Monday, June 13, 2011

SERVICE VS. MANUFACTURING JOBS: OVERCOMING THE PERCEPTION BARRIER

It’s no secret that the food and service industry is doing quite well these days.  A twenty-something fresh from moving into his or her first apartment finds a favorite restaurant or café down the corner (as opposed to the local US manufacturer who may not be so easy to locate) and quickly realizes it’s the most immediate option for steady income.  Grocery chains like Trader Joe’s and Gelson’s have caught on to Starbucks’ recruiting middle-class youth for employment with the trump card of benefits and health plans and have used it successfully. 

With short and flexible hours available, I could pull a morning barista shift at the nearby hipster café (where they charge five dollars for the labor of pouring the froth just so it makes a little heart in your espresso), get out at noon, have a few hours to enjoy myself with the finer things in life like Twitter or World of Warcraft, and then wrap up the evening with a night shift bartending at my local Fuddruckers.  If all goes well, I could come home with two hundred dollars total in tips alone for the day.

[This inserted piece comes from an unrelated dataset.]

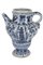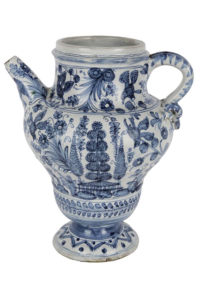 Brocca in maiolica ad alto collo cilindrico con manico che da collo appoggia ad inizio pancia ben segnato e all’opposto, cannello versatore verso l’alto; presenta forte rastremazione nella parte inferiore con registro a doppia fascia a segnetti sotto un decoro avvolgente in blu su bianco di maiolica con rameggi, fiori, animali vari in stile calligrafico.
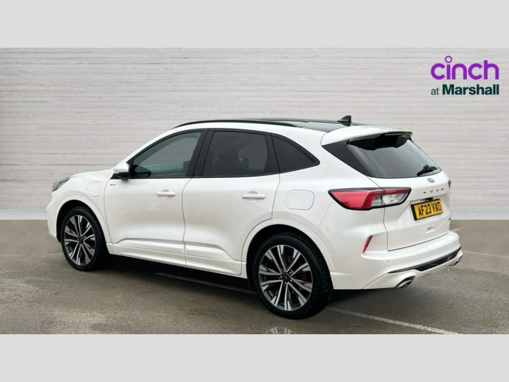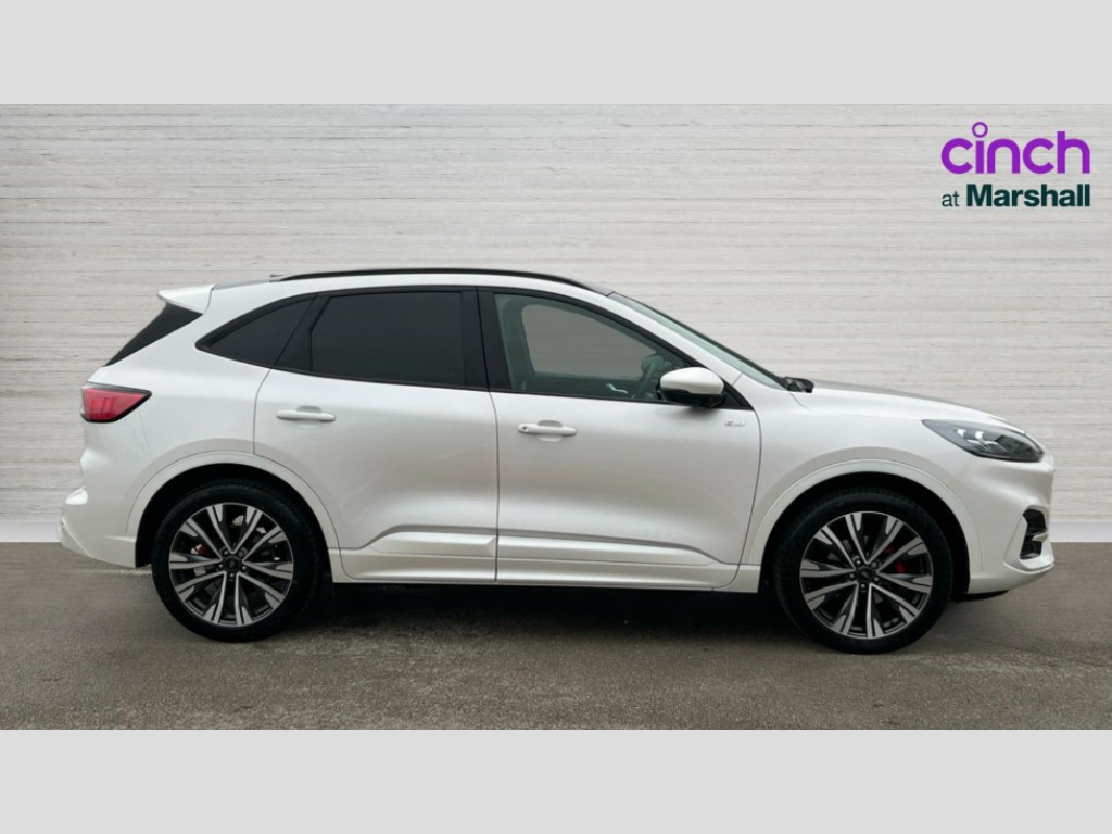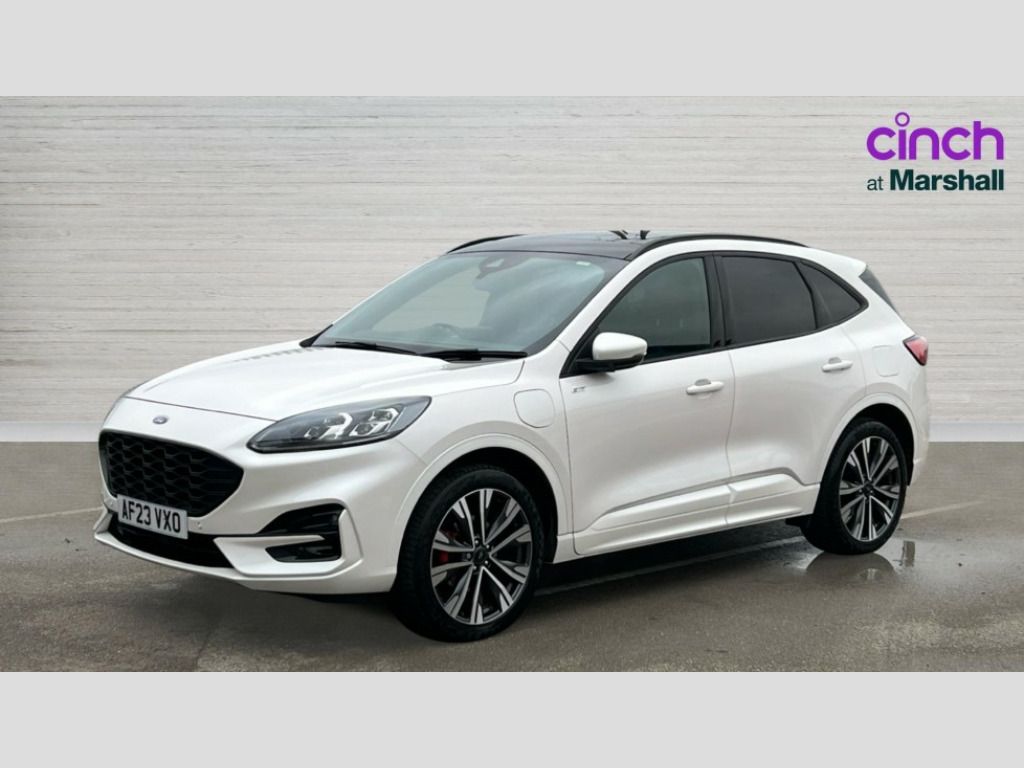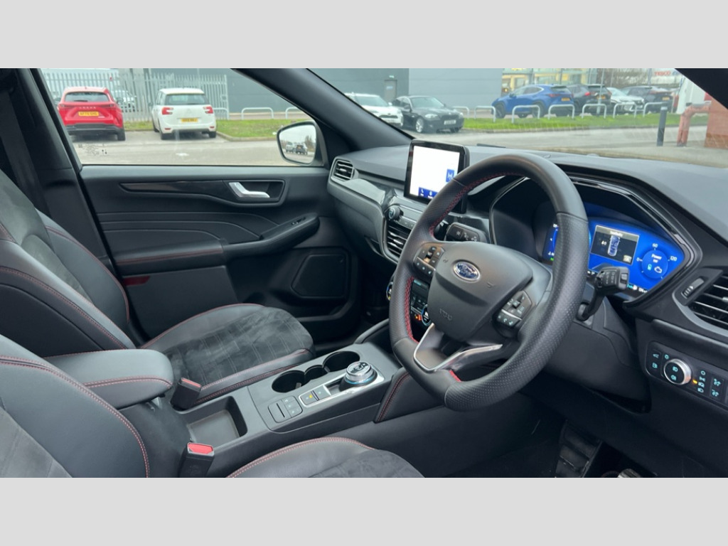 Ford Kuga 2.5 PHEV ST-Line X Edition 5dr CVT 12.3" digital colour instrument cluster, Ford easy fuel, Ford SYNC 3 with 8" TFT LCD touchscreen, App Link, andriod auto/apple carPlay, emergency assistance and navigation with Ford pass connect, Front and rear parking sensors, Geo awareness, Hands free power tailgate, Lane keeping aid with lane departure warning, Power assist steering, Rear view camera, Selectable drive modes, Service interval indicator, 3-Pin Home charge cable (230V/16A Domestic socket), 3.7 kW monophase on board charger, Sports suspension, Twist beam rear suspension, B&O premium audio system with 10 speakers and subwoofer, 2 USB ports, DAB radio/CD, Auto headlamps with high and low beam, Black roof rails, Day/night rear view mirror, Front LED fog lamps, Large rear spoiler, LED daytime running lights, LED rear lights, Power folding heated door mirrors with puddle lights, Power front/rear windows with global close, Power opening panoramic roof, Privacy glass, Quickclear heated windscreen, Rear side wing doors, Rear wiper, ST Line body styling kit with unique front and rear fascia and bumper, rear painted diffuser, front painted skid plates, dark mesh upper grille, ST Line front scuff plates, Third brake light, Twin exhausts, 10 way power adjustable drivers seat, 2nd row sliding seats with 60:40 split, 8 way manual passenger seat including lumbar support and height adjust, Alloy pedals, Centre console with electronic parking brake, Dark headlining and pillars, Electronic automatic temperature control (EATC), Flat bottomed leather steering wheel in sensico with red stitching, Front and rear head restraints, Heated passenger and driver seats, Heated rear seats, Heated steering wheel, Partial premium touch sensico leather upholstery with black cloth inserts and red stitching, Rear charging point, Single front passenger seat, Sports seats, ST Line front and rear floor mats, 3x3 point rear seatbelts, Airbags - front driver/passenger, front and rear curtain, Drivers knee airbag, Electronic stability control (ESC) and ABS, Ford MyKey Gen 2 safety system, Manual child proof rear door locks, Post collision braking, Pre collision assist with autonomous emergency braking, Rear seat Occupancy alert, Red brake calipers, Tyre pressure monitoring system, Engine immobiliser, Keyless entry and Ford power start button (Keyless start), Locking wheel nuts, Remote powered central double locking doors, Thatcham category 1 alarm

Yes, service provides the fuel to immediate income and a flexible, stable lifestyle   Of course, being in my second decade, I don’t really know what “stability” is.  If I did, I’d never look at having two jobs in the service business as stable.  In fact, back when the American economy was supposedly all hunky-dory in 2006, the Food Sector still had a 56.4% turnover rate.  In a job market that depends on the average consumer having a little extra cash to spend on a night out or an extra bottle of wine, there’s no such thing as “job security”, especially now.  Not only that, most service jobs require all employees to be up close and personal with the customer.  Most people know how to carry a tray, many can deduce a 20% tip, but there are precious few of us out there who know how to deal with our fellow man when he’s hungry, impatient, and demanding to know why there isn’t a line of busboys continuously refilling his bread basket. 

Manufacturing, on the other hand, doesn’t demand as much on the diplomatic side and while it may get a bad rap these days by pundits and comedians, no other industry has been able to sustain its productivity so consistently.  Unlike food and services which is seasonal in its customer base, there’s always a relatively high demand for durable goods like computers, automated devices or engine parts year-round.  Good luck trying to sell all that authentic European gelato when winter comes rolling in, or selling out the beer in the middle of July when hockey and basketball are over, football is in camp and baseball is…well…baseball.  And those tips I brought home?  Well I better pray I keep running into generous people and that I never get in a bad mood at work, because that extra income is masking my minimum wage-to $10 an hour rate.  Yes, no one tips a factory worker for making sure their air purifier lasts as long as advertised, but making a decent rate plus benefits, he’s not exactly calling them to make sure they had no trouble opening the box either.
After expressing so much passion about alternative energy, I asked the barista at my local café why he didn’t quit his job making liquid cocaine for the rush hour and go work in a solar panel plant outside of LA.  He laughed and said “I dunno.  This job sucks, but it’s better than being a slave in some gulag lifting [lazy expletive] all day.”  I suspect this is the only barrier the manufacturing sector needs to break down to get those potential employees; the perception barrier.  The Obama generation is inclusive and collaborative, yet ironically seems to view factories as crude Cold War relics, where everyone wears gray jumpsuits and solemnly carries massive hunks of steel parts while vats of liquid iron boil all around them.  “Labor isn’t my ‘thing’, man” my barista continued, “I’m really an idea person”.   Wonderful!  I explained to him two-thirds of the research and development in this country stems from the manufacturing sector.  Innovation?  Improving on what came before you?  That’s what makes the industry go.  “Honestly”, I raised my eyebrow at him, “how much can you really improve the act of running hot water through espresso grinds?”

This is where a job in making durable goods will always beat out the lure of the quick-fix service gig.  It appeals to a different, but self-affirming life priority; developing and honing a personal craft.  It’s an instinct we’ve had since the days of Homo Erectus, to find a task in this world and do it better and longer than anyone else.  Part of what made Henry Ford’s little experiment so successful was not just the amount of people who took pride in owning an automobile, but also the amount who took pride in making one.  A lasting product that not only made you and your bosses money, but seemed to move the world into the next age of man.  Maybe a job in services allows for more World of Warcraft, but the sooner a young adult gets into manufacturing, the sooner a craftsman enters the world.

Donal Thoms-Cappello is a freelance writer for Rotor Clip Company, Inc.